(Goal of the exercise)
Extract the opening line of the entries and every line after it, stopping at and including the line that contains "Farmhouse, late C18.". Do not include pictures.

[Dataset excerpts]
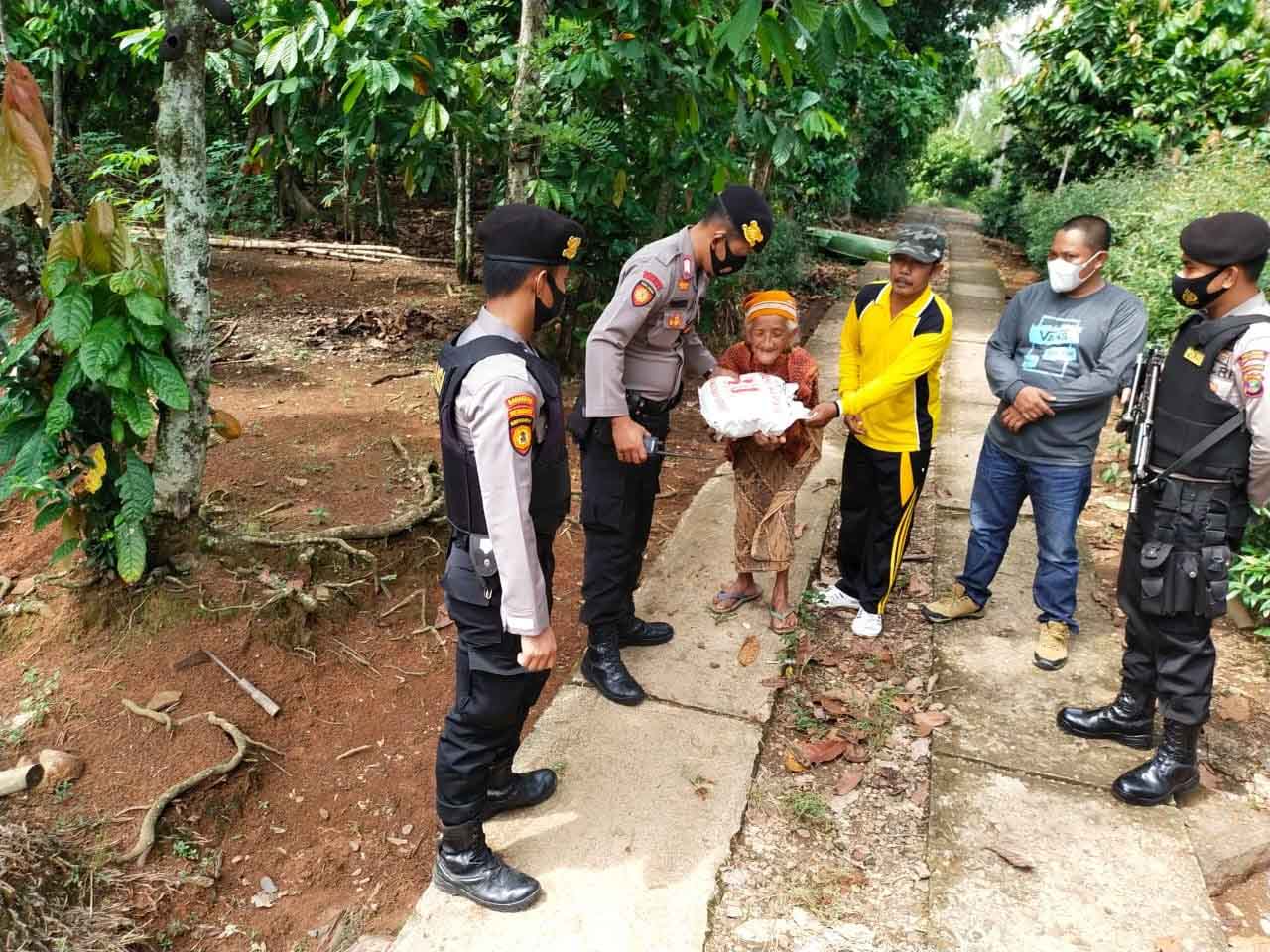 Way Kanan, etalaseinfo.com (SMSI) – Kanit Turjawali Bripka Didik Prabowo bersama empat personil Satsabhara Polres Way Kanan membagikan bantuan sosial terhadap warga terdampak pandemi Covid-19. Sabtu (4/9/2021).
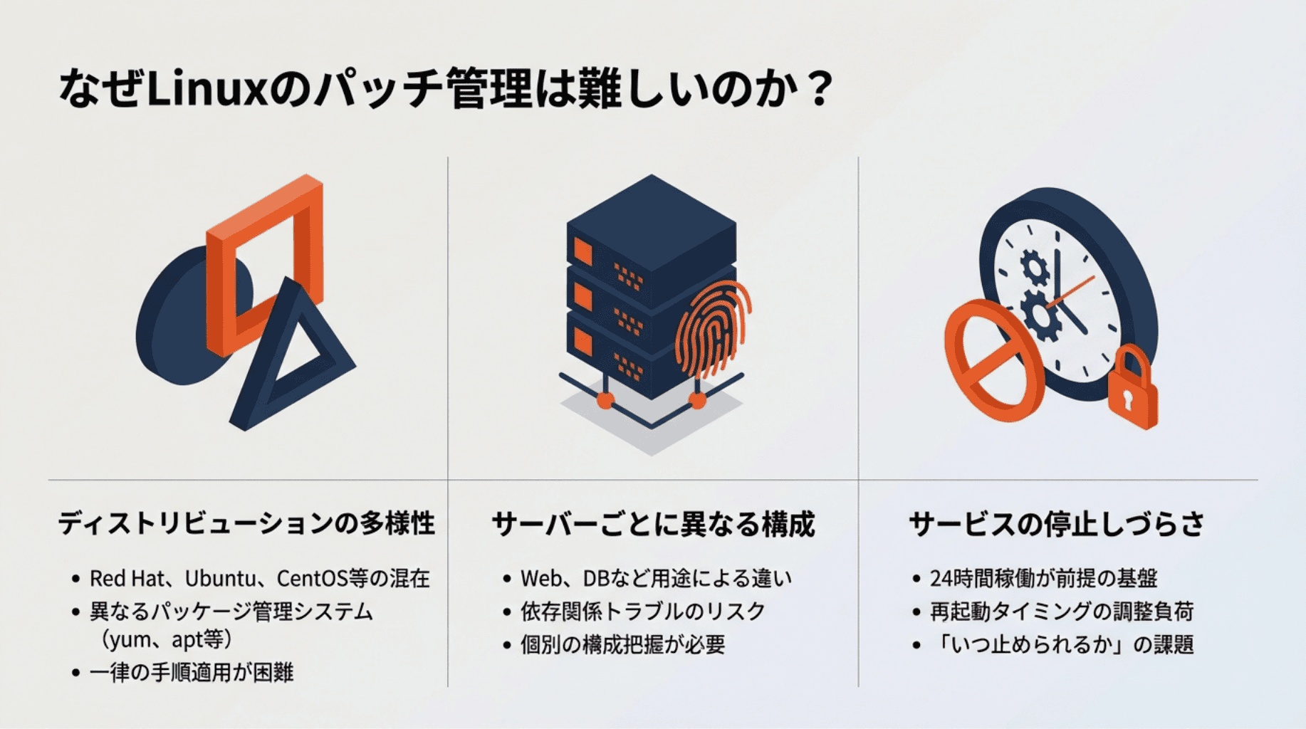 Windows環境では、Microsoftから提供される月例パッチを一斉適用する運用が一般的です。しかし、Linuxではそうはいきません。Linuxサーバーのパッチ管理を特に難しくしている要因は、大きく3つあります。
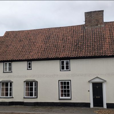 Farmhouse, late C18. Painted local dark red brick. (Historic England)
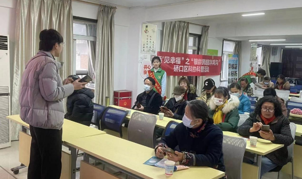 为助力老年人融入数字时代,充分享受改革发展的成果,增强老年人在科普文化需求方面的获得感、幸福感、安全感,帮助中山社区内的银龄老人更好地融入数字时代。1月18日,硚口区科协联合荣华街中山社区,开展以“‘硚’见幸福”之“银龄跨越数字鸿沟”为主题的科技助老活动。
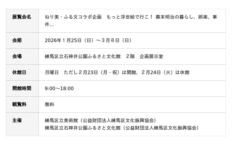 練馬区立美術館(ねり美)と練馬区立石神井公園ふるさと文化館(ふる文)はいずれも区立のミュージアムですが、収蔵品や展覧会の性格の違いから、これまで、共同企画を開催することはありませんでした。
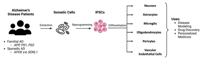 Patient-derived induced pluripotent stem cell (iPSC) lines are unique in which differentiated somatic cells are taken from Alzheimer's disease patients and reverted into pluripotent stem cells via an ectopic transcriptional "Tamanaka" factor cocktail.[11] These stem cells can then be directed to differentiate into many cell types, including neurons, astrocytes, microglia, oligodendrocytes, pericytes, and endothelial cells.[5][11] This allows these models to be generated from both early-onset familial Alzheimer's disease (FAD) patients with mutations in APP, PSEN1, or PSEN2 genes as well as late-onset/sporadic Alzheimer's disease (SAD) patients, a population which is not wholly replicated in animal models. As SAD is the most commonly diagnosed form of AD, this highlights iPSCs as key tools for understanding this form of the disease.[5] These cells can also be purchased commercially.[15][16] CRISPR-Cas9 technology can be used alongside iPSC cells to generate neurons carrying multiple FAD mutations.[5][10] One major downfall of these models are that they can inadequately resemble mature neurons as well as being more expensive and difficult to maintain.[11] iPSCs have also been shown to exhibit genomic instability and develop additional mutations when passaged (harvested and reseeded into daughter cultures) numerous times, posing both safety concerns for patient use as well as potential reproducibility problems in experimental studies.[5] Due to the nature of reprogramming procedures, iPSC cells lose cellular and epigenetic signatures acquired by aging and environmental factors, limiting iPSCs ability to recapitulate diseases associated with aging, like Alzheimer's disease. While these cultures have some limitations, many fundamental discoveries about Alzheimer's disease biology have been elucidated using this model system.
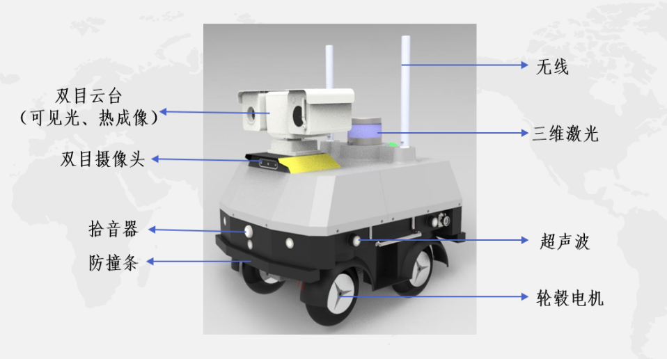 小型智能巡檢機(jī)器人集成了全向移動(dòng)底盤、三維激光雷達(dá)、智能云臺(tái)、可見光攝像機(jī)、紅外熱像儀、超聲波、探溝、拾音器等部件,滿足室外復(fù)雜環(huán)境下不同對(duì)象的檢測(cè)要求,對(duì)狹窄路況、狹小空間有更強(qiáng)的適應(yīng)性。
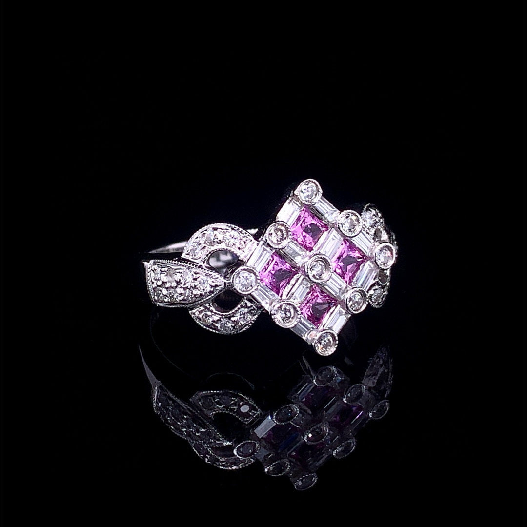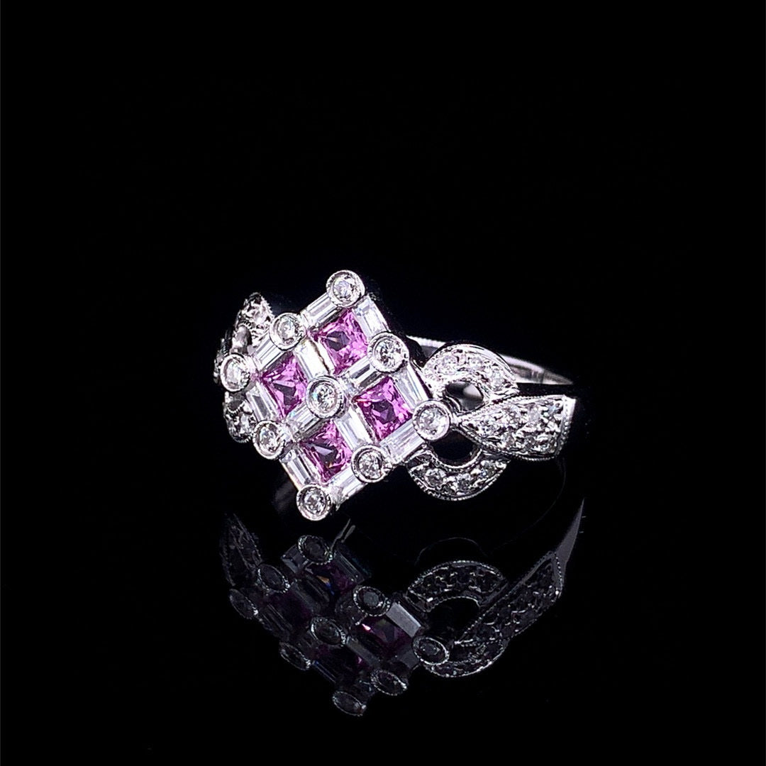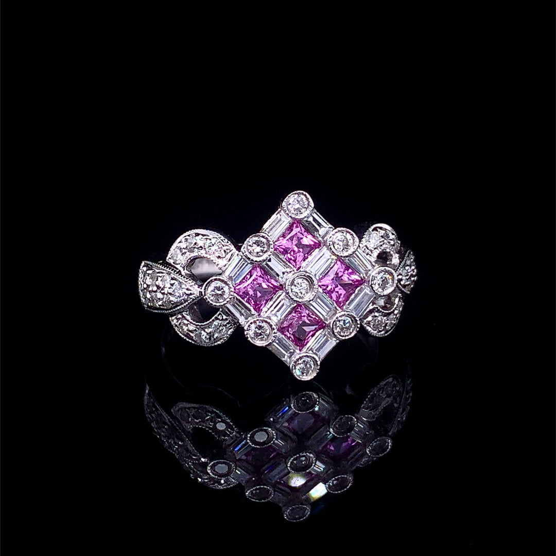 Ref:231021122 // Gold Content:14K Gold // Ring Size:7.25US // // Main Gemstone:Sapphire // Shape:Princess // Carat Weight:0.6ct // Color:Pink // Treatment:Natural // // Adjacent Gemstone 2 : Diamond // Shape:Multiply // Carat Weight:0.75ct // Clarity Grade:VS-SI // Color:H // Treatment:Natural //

(Completed task)
 Way Kanan, etalaseinfo.com (SMSI) – Kanit Turjawali Bripka Didik Prabowo bersama empat personil Satsabhara Polres Way Kanan membagikan bantuan sosial terhadap warga terdampak pandemi Covid-19. Sabtu (4/9/2021).
 Windows環境では、Microsoftから提供される月例パッチを一斉適用する運用が一般的です。しかし、Linuxではそうはいきません。Linuxサーバーのパッチ管理を特に難しくしている要因は、大きく3つあります。
 Farmhouse, late C18. Painted local dark red brick. (Historic England)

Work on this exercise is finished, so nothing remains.